'''

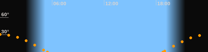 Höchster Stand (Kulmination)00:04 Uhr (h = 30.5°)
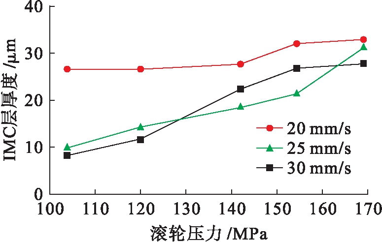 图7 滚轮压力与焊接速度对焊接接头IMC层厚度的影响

'''
'''

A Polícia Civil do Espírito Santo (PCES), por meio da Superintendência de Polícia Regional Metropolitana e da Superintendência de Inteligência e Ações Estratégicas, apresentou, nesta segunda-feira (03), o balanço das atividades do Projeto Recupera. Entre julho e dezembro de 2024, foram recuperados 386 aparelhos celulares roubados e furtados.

'''

- [Exercise details] Return the material from the line containing "Höchster Stand (Kulmination)00:04" through the line containing "图7 滚轮压力与焊接速度对焊接接头IMC层厚度的影响", exactly and in full, but without its pictures.

- [Output below]
 Höchster Stand (Kulmination)00:04 Uhr (h = 30.5°)
 图7 滚轮压力与焊接速度对焊接接头IMC层厚度的影响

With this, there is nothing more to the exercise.